A podcast about working with AI. Not the hype. The practice. Two layers: the Spirit — ten reasons to bother. The Moves — eleven things you actually do. 22 episodes, each short enough to use the same day you listen to it.
What This Is
Two layers. The Spirit and the Moves. Tools change every few months. The work you're trying to do doesn't. Build your practice on the work. The tool churn stops mattering.
Purpose
Do this to get more time on the work that matters. AI is not the point — the work is. List what requires your specific judgement. List what eats the time around it. AI goes to the second list. You get the first list back.
Graft
Real effort. No shortcuts. The draft appears in ten seconds and looks finished. That feeling of done is the trap. Plausible and accurate are not the same thing. Treat the speed as room for more care, not less.
Craft
Meet a standard you'd put your name to. Know what good looks like before you ask the machine for it. The AI can produce to a standard you set. It cannot set the standard for you. That's yours. That's the work that hasn't been automated.
Attention
Give the work your full attention. The tool amplifies whatever quality of thought you bring. Fractured attention produces fractured work at speed. Five minutes of preparation before you open the tool changes what comes back.
Nerve
Go past what feels safe. Most people use AI only for what they already know it can do. That's a floor, not a ceiling. The analysis that would take three hours, the brief that needs to sound like your organisation — those are where the gains are.
Usefulness
Make something a reader actually values. The test isn't whether the AI produced something — it's whether the output is useful to the person who receives it. Include who it's for, what they'll do with it, and what you want them to feel after reading it.
Curiosity
Chase the questions. Keep a bank of them. The people who get the most from AI are still asking what if I tried. If you've stopped wondering what it can do, you've reached your ceiling — and the ceiling is probably lower than it needs to be.
Grit
Stay with it past the hard part. The trough is weeks two to four.

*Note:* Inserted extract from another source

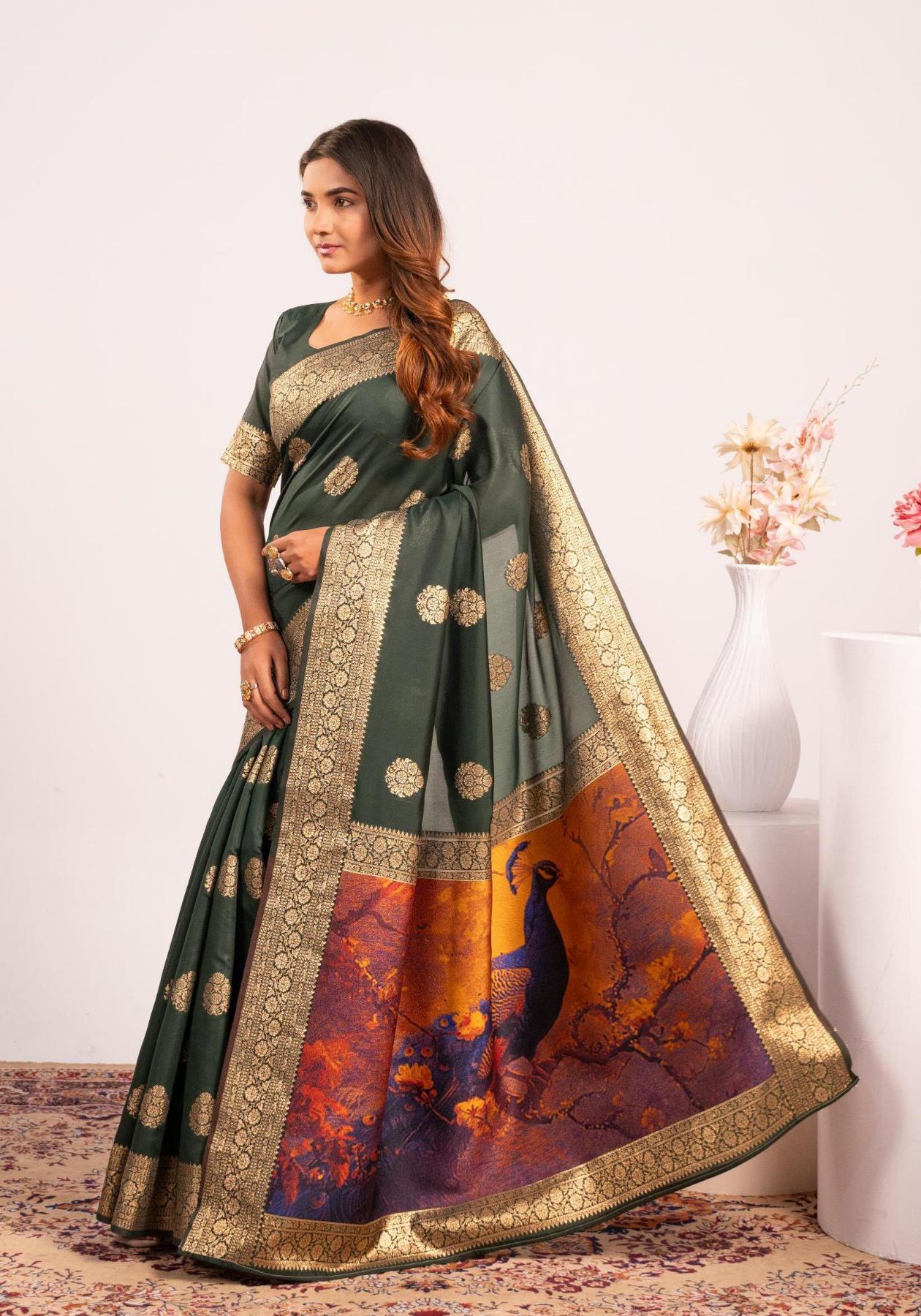 Work: Resham Weaving Paithani Pallu & Muniya Weaving Zari Border With All Over Weaving Butties Work.

Early enthusiasm has faded, fluency hasn't arrived. That's where most adoption fails — not because the tool doesn't work, but because the curve is universal. The curve is slow, then sudden.
Play
Try things for the fun of finding out. Not every session needs an outcome. Play has a question, not a destination: what happens if I try this? Those are the questions a strict output-focused session won't answer. Play is how you find the moves you'd never have planned.
Delegate
Know what's yours and what to hand over. Two failure modes: over-delegation — handing over something that requires your judgement. And under-delegation — doing manually what the tool would handle perfectly, out of habit. The work you keep is the work that uses what's distinctive about you.
Method
Work to a structure. Use the same four parts every time: Role, Context, Task, Format. When every prompt is improvised, you can't tell whether a poor answer came from the model or from how you asked. A repeatable structure makes the prompt something you can inspect and improve.
Toolbox
Write down what you use and how you work. Keep a prompt library, an about-me file, and your style rules as standing instructions. The about-me file is the single biggest improvement to the quality of AI-generated communication. Without it, the output sounds like a competent stranger wrote it.
Focus
Mind the work, not the tools. Tools change every few months. Tasks and skills last. If you try to keep up with every model and feature announcement, you're doing a full-time job that produces nothing. Take one thing you do weekly and get the AI doing it to your standard.
Review
Check it before it leaves you. Nothing the AI makes leaves you unread. The review is not optional polish — it is the work. Four checks: facts, logic, tone, and read the last sentence on its own. Endings are where AI text consistently collapses.
Understand
Use only what you can explain. If you can't say the point, the reasoning, and what's been left out without looking back at it — you're not ready to put your name to it. The AI isn't in the room. You are. Understanding is what lets you defend the work and spot its errors.
Validate
Make sure it landed, both ways. Check the AI understood your prompt before it runs — ask it to restate the task in one line. Check your reader understood the output after it's sent. Sending is not the same as landing.
Lists
Keep three of them. A prompt library — prompts you've tested and trust. A failure log — when something goes wrong, what happened and why. A learning log — once a week, three lines on what worked, what surprised you, what you're still avoiding.
Retrospective
Look back so the next session starts better. Save any prompt that worked before you close the tab. Log anything that failed. Archive what's worth keeping, clear the rest. An AI chat is a workbench, not an archive. Decide what to save. The practice compounds when you treat it like a discipline.
Experiment
Try the unsafe thing. Expect a third to fail. If everything you ask AI to do works, you're only asking for what you already know it can do. Run real tests, not safe ones. The expected failure often turns into a working process — and even genuine failures tell you something. Log them.
Persist
A little every day. Deep dives when you have time. Adoption is a habit, not an event. Ten minutes most days outpaces a weekend crash course you never repeat. Track your reps for ninety days. By then it's a habit, not a list. The curve is slow, then sudden.
Delegate
Hand over the right work. The final Move and the hardest judgement. Two lists: what you hand to AI and what you keep — and why. The skill is no longer doing everything. It is judging what to give the machine and what only you can do. That's the whole code.